PROMPT: Write each line out exactly, from the one containing "3年生は、総合的な学習の時間" through the final line of the data, and keep pictures out of the copy.

DATASET CONTENT below:

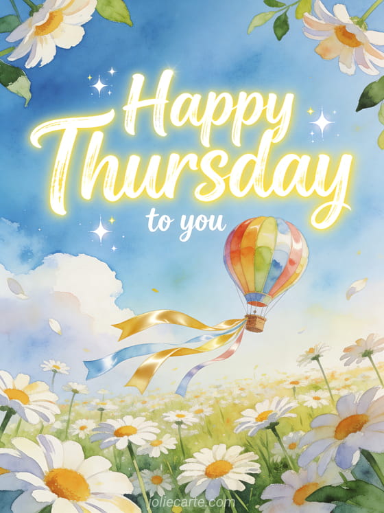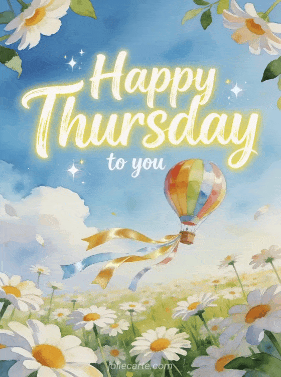Send happy thursday to you with sunny yellow lettering, a colorful hot air balloon, daisies and ribbons above a bright meadow. Discover also happy Thursday hearts images, happy thursday sun image or red happy Thursday gif.
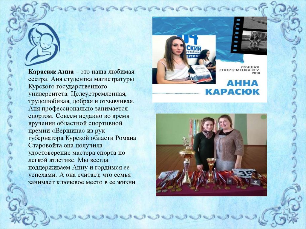 Карасюк Анна – это наша любимаясестра. Аня студентка магистратуры
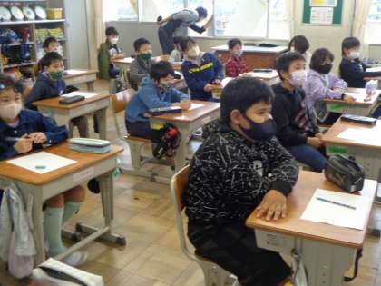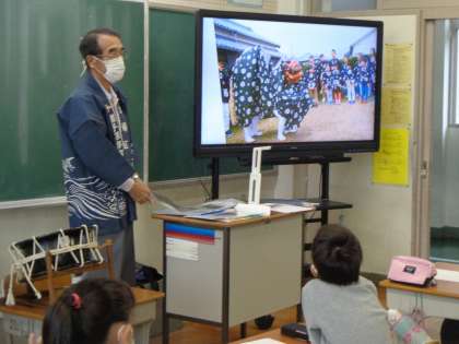 3年生は、総合的な学習の時間に、古場地区の八木さんをお招きして、お祭りについてのお話をしていただきました。
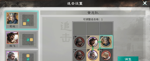 布阵逻辑需严格遵循三层结构:前排藤甲兵承担承伤职能,稳固防线;中后排配置双穿杨军,强化穿透输出能力;核心输出位黄忠置于后排中央,确保其始终处于荀彧的追击格内,从而稳定触发“王佐”增益效果;张飞则部署于黄忠追击格,荀彧再置于张飞追击格,由此形成三重追击链,保障全体主力高频释放追击技。

End of DATASET CONTENT.

TASK OUTPUT:
 3年生は、総合的な学習の時間に、古場地区の八木さんをお招きして、お祭りについてのお話をしていただきました。
 布阵逻辑需严格遵循三层结构:前排藤甲兵承担承伤职能,稳固防线;中后排配置双穿杨军,强化穿透输出能力;核心输出位黄忠置于后排中央,确保其始终处于荀彧的追击格内,从而稳定触发“王佐”增益效果;张飞则部署于黄忠追击格,荀彧再置于张飞追击格,由此形成三重追击链,保障全体主力高频释放追击技。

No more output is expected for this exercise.